Désormais, ce sont les gros portefeuilles, les « very high net worth individuals », qui jettent leur dévolu sur les crypto-actifs. Dans le même temps, les petits investisseurs désertent le marché, déçus par une altseason qui n'est jamais venue.
Le salon PBW a continué sur le même ton : peu de particuliers, beaucoup d'institutionnels. Les événements organisés par les partenaires se tenaient tous dans des lieux très prestigieux.
Comme le George V, avec un diner organisé par OVH et Avalanche, ou bien le Tout Paris au-dessus de la Samaritaine de LVMH, pour l'événement de Bitpanda, auquel participaient des personnalités comme l'ancienne star du PSG Pedro Miguel Pauleta ou le tennisman français Gaël Monfils.
Puis, pour finir, le premier étage de la tour Eiffel, le temps d'un cocktail organisé par Mastercard.
Acheter facilement la crypto Bitcoin avec KrakenLes exchanges à la recherche d'un nouveau modèle
Les exchanges, très présents lors de ce salon, ont bien senti le changement de tendance. L'absence d'altseasons pour les investisseurs s'est traduite par une baisse des transactions, et donc du chiffre d'affaires pour les plateformes.

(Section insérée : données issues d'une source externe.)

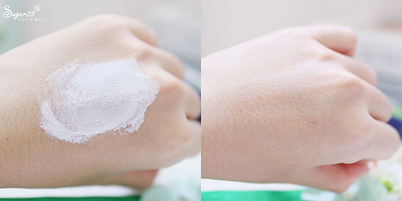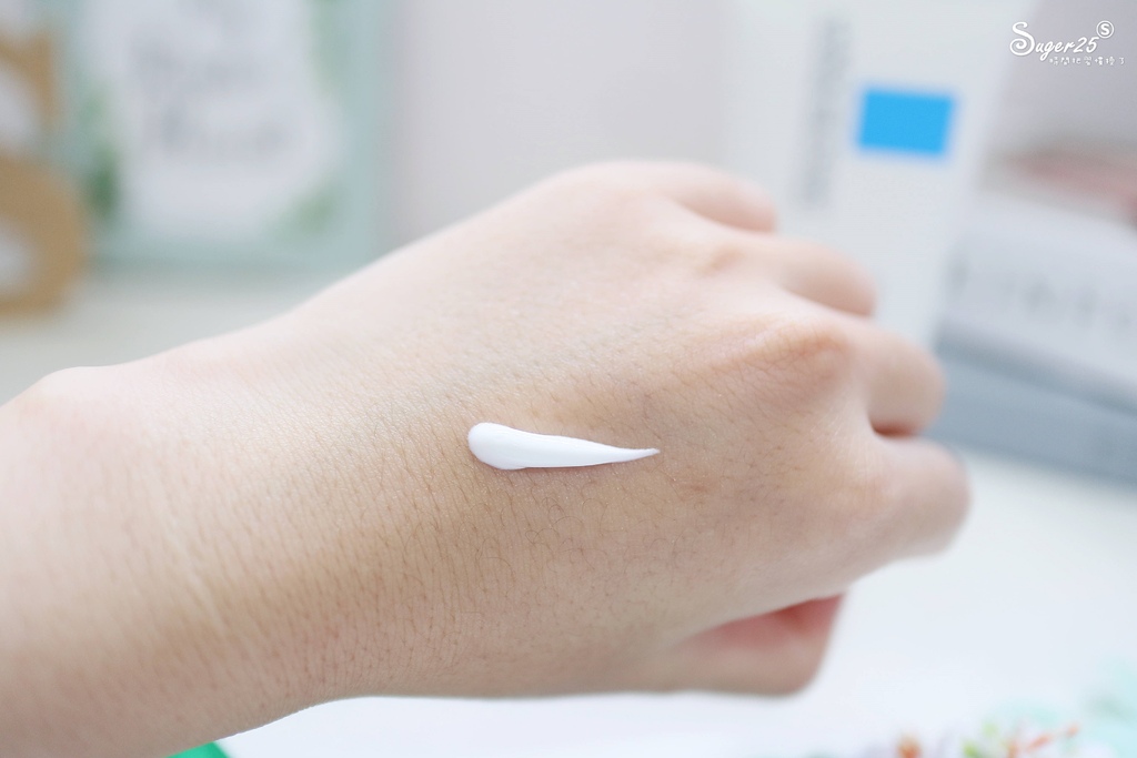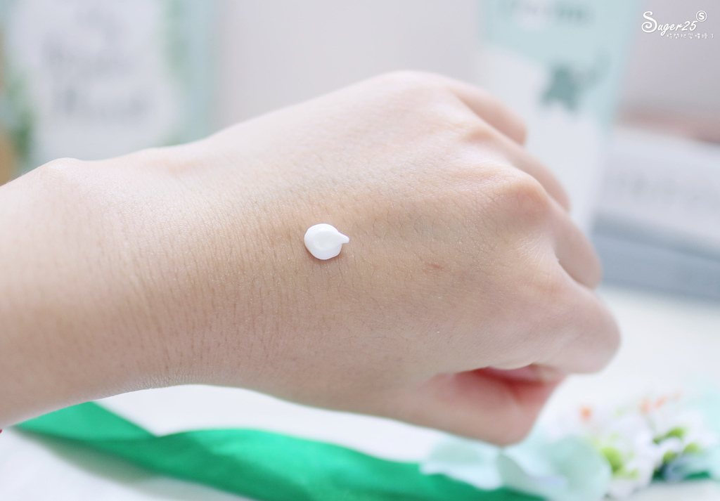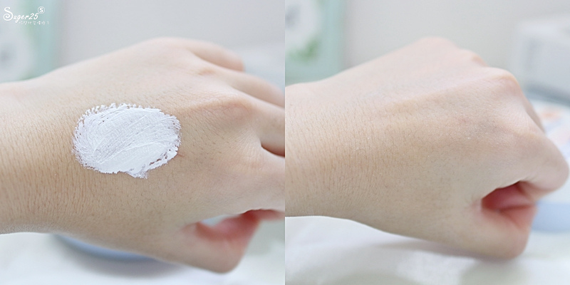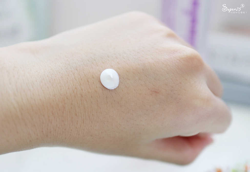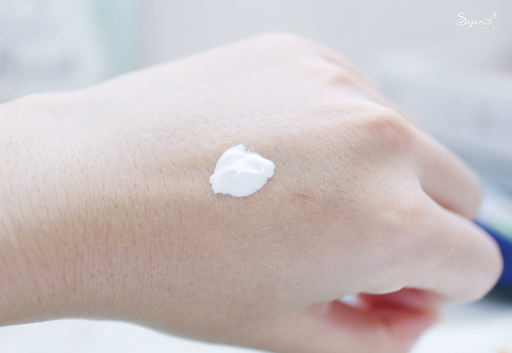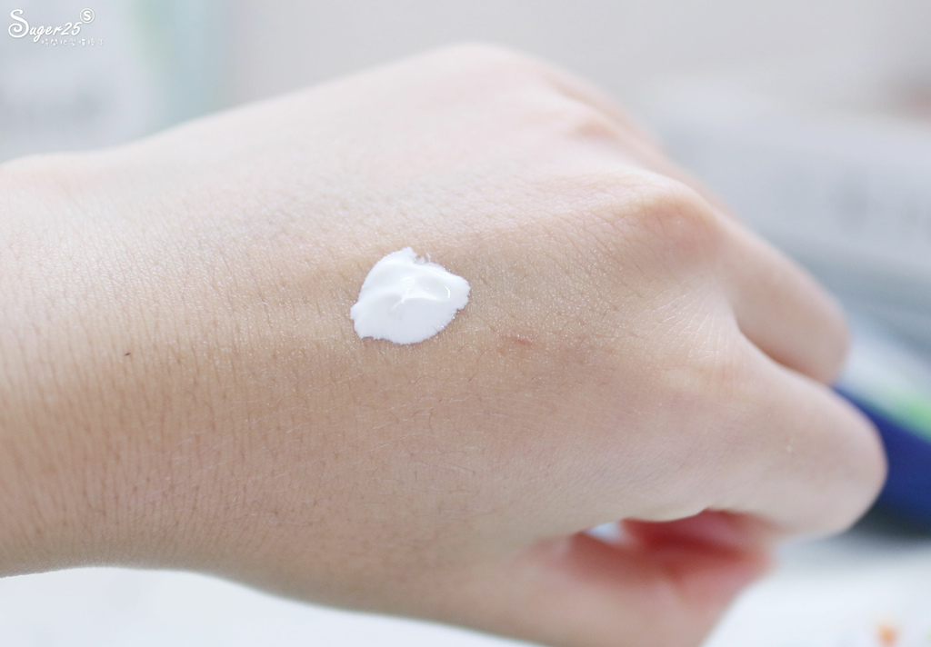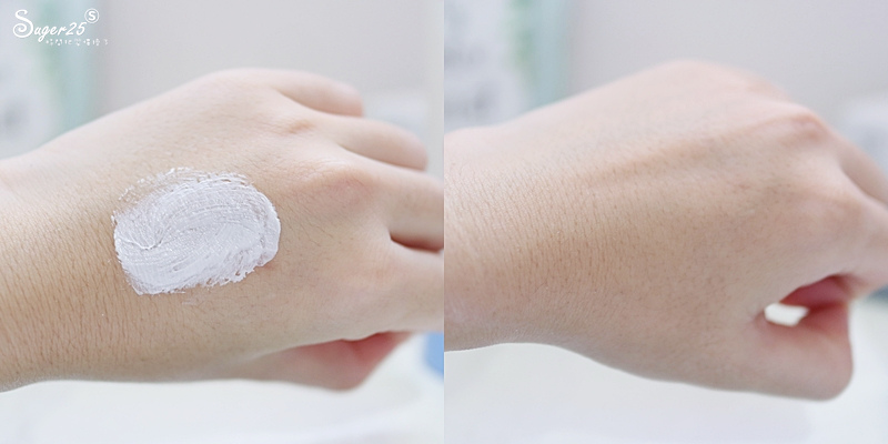 白色膏狀質地,本來想說膏狀會有點難使用,不過意外的好推開推勻,聞起來有點像是淡淡的寶寶味,淡淡的很好

Face à ce changement de paradigme, celles-ci s'adaptent. Pour Dorian Vincileoni, responsable de la croissance chez Kraken pour l'Europe, les altcoins ont tué le marché à coups de « promesses non tenues, over-promise and under-deliver ».
Pour Alexis Bouvard, porte-parole de Bitpanda France, même son de cloche : « Nous sommes en bear market. Par rapport à l'année dernière, nous avons le même nombre de connexions, mais moins de trading. »
Le PDG d'OKX Europe affirme quant à lui que son entreprise se concentre désormais sur l'infrastructure pour les produits financiers en général, un positionnement renforcé par l'obtention récente de leur régulation MiFID.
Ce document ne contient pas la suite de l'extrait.